Hacker News new | ask | show | jobs
by rrsp 955 days ago
We’re 5+ years from the transformer and we’re still using the transformer for the most cutting edge llms. I don’t see what difference another 5 year is going to make unless someone invents something new that can surpass the transformer, and given the amount of money and resources that has been put into AI since 2017 and the lack of innovation since (in terms of fundamental architecture, not things like Lora and Rope) then I’d say the chances are way way lower than 50%.
1 comments

Who says you need anything other than the transformer? We've clearly not squeezed all the capability out of it.

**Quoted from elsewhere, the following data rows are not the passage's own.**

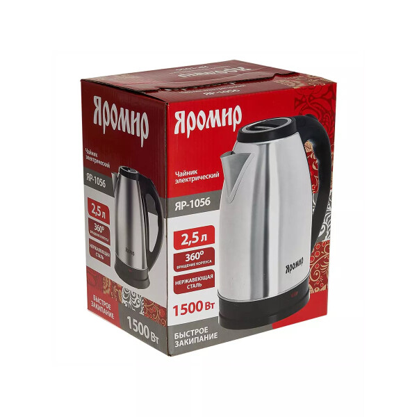 Чайник электрический Яромир ЯР-1056. Корпус из высококачественной нержавеющей стали с глянцевой полировкой. Автоотключение при закипании. Защита от работы без воды. Закрытый нагревательный элемент из нержавеющей стали. Возможность поворота на подставке на 360 градусов. Мощность 2000Вт, объём 2,5л.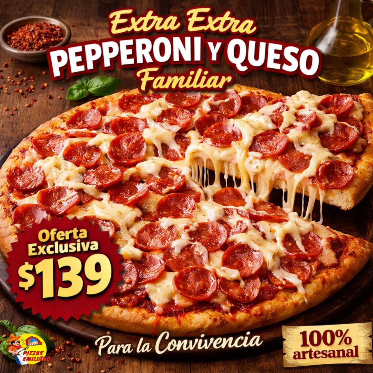 Extra Peperoni Extra Parmesano Extra Chipotle Familiar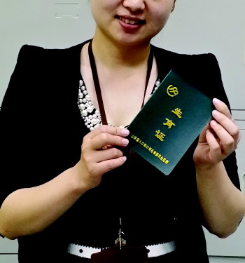 崂山区工作人员展示已经办出来的二孩生育证。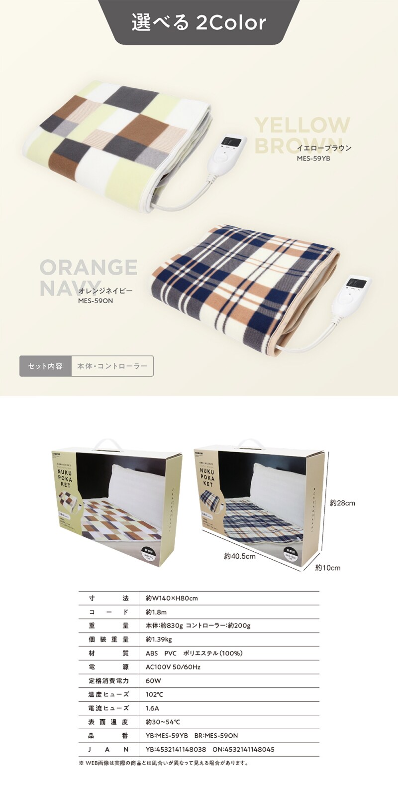 - 電気敷毛布 ぬくぽかケット【オレンジネイビー】丸洗いOK◎嬉しい機能がたくさんついた電気毛布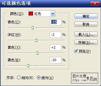 五.再建立一個可選顏色調整圖層.為什么我要建兩個,是因為一個可選顏達不到我想要的結果.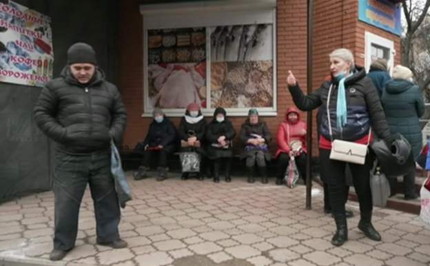 最近幾天,幾乎沒有證據表明烏克蘭對頓涅茨克進行攻擊。 這名婦女聲稱人民歡迎入侵,立即遭到一名男子的質疑,他大喊沒有人在轟炸頓涅茨克,而普京在轟炸烏克蘭。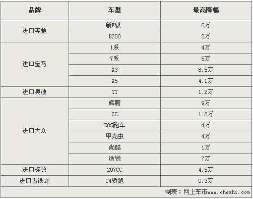 隨著希臘債務(wù)危機(jī)的不斷惡化,歐元對(duì)人民幣等匯率一路走低。以央行公布的匯率中間價(jià)計(jì)算,去年12月31日,1歐元兌人民幣9.7971元,而今年的5月17日,1歐元只相當(dāng)于8.4279元人民幣。按此計(jì)算,今年5個(gè)半月以來(lái),人民幣對(duì)歐元已升值16.25%。而德國(guó)、法國(guó)等所處歐元區(qū)的汽車(chē)出口大國(guó),均有奔馳、寶馬、奧迪、大眾、標(biāo)致以及雪鐵龍等車(chē)型進(jìn)口到國(guó)內(nèi),所以相應(yīng)的降幅也有所提升。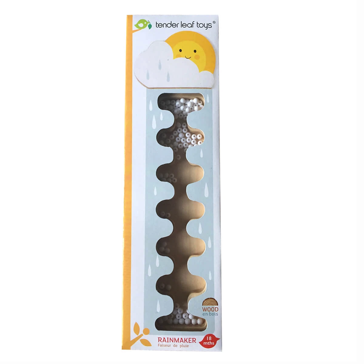 Rainmaker by Tender Leaf Toys. Listen to the sound of the rain with this wooden rainmaker. Filled with small white beads, and topped with a sweet little smiley sun face!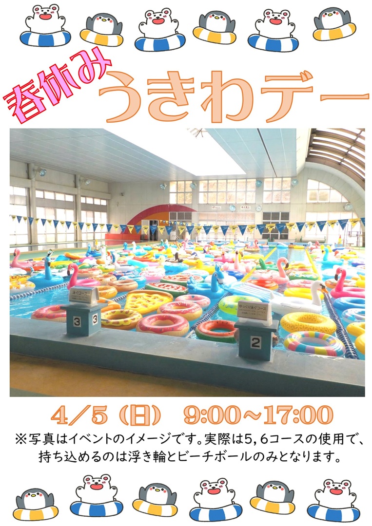 いつもようか温水プール・健康支援施設をご利用いただき 誠にありがとうございます。 4月5日(日)の9時~17時は、 浮き輪とビーチボールの持込OKといたします。![]()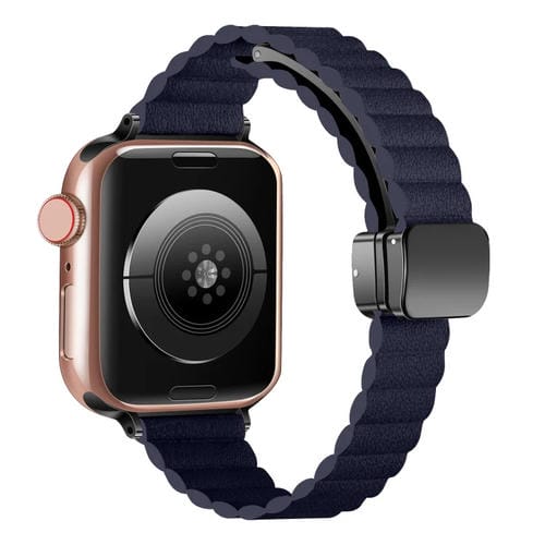 Correa para Apple Watch Series 3 42mm con Hebilla Plegable Magnética y Ondulación de Agua (Azul Índigo)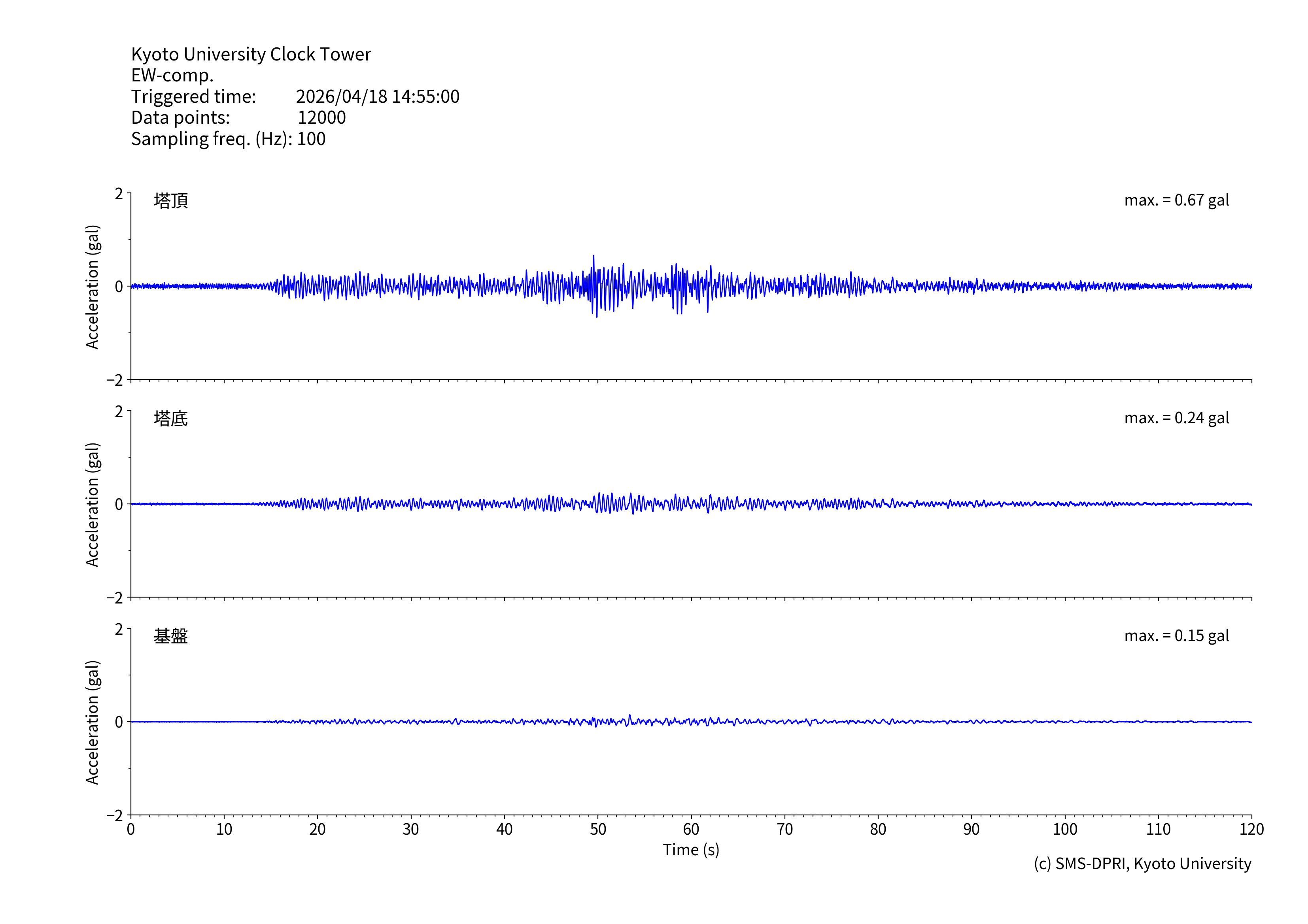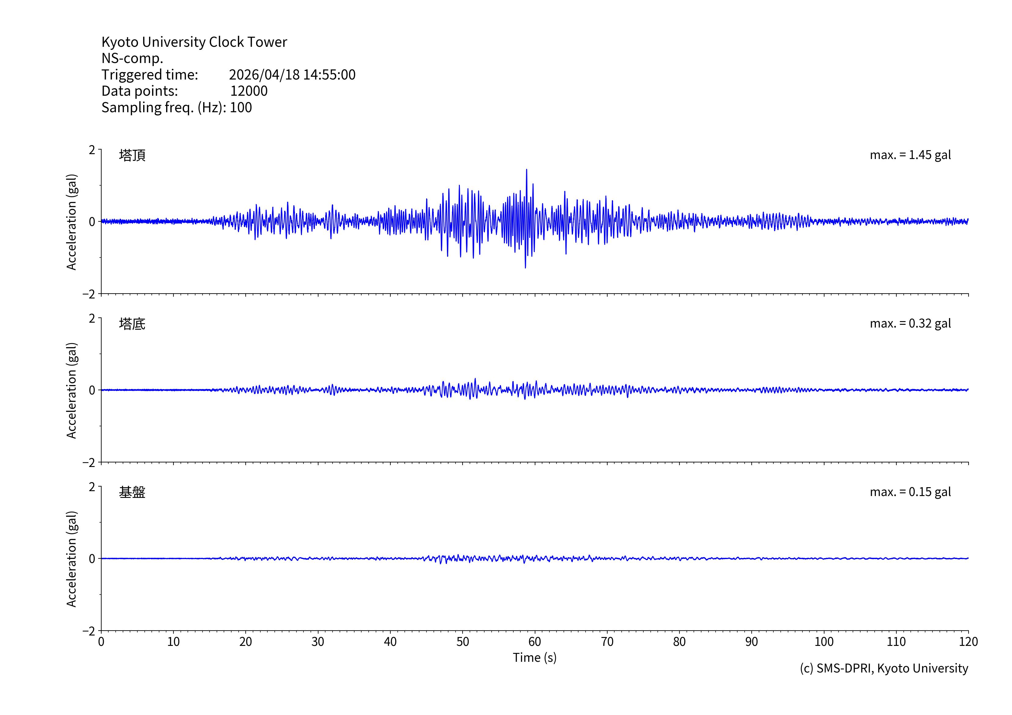 時計台記念館には、基礎地面(基盤)、建物底(塔基礎)、および時計台塔(塔頂)の3カ所に研究用の地震計が設置されています。地震計は、有感地震が起きると収録を行います。このページでは、収録された揺れの記録と計測震度相当値、およびその揺れの特徴の図面を公開しています。

I don’t think it’s so clear. The transformer has been available for 6 years, if it were possible to train one to achieve AGI then what’s stopped anyone from doing this that won’t still be the case in 5 years time, given than there’s potentially ?trillions on the table for anyone that does.
I don't understand what you're saying. People have been been training up transformers in the goal of "achieving agi". Transformers have been getting better as they've been trained up. Nobody has stopped doing this.

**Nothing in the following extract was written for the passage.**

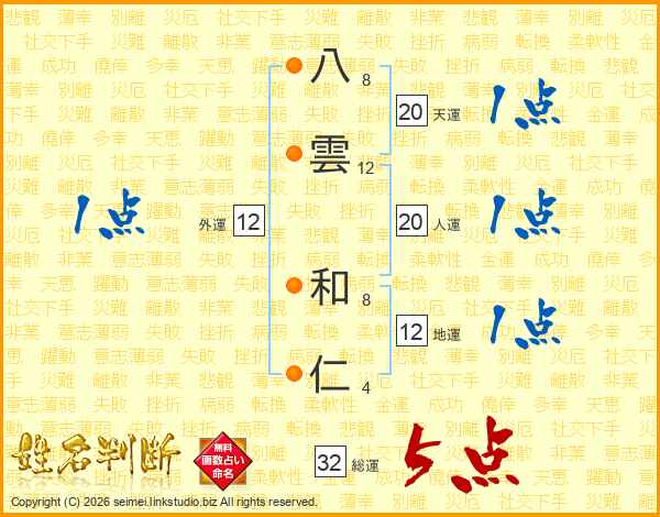 生活面を象徴する運勢です。外部から受ける影響力を表し、結婚運、家庭運や職場、環境への順応性を表します。総運から人運を引いた画数。姓や名が1文字の場合を除く。

But they haven't achieved AGI, not even close. It can't distinguish between truth and nonsense. An LLM is essentially outputting nonsense all the time, that has been massaged by training to approximate truth through the proxy of likely-next-word.

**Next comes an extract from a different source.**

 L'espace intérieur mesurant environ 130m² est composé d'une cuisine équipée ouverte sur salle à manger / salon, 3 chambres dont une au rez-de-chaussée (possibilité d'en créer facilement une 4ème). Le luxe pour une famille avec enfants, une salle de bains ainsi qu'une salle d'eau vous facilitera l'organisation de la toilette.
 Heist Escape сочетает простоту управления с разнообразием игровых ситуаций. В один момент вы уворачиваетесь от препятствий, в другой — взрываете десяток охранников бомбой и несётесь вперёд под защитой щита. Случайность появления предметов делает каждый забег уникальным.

What I’m saying is if it is possible to train transformers to achieve AGI, then why hasn’t it happened yet? What’s the limitation that will be overcome in the next 5 years?
Because training takes time (months), money and hardware. It's not like this is some instantaneous process.

Nobody has any knowledge of the "magic number" of size and data before "AGI" so people train increasingly large models.

Bigger models are in the process of being trained. They will continue to be until they no longer get better.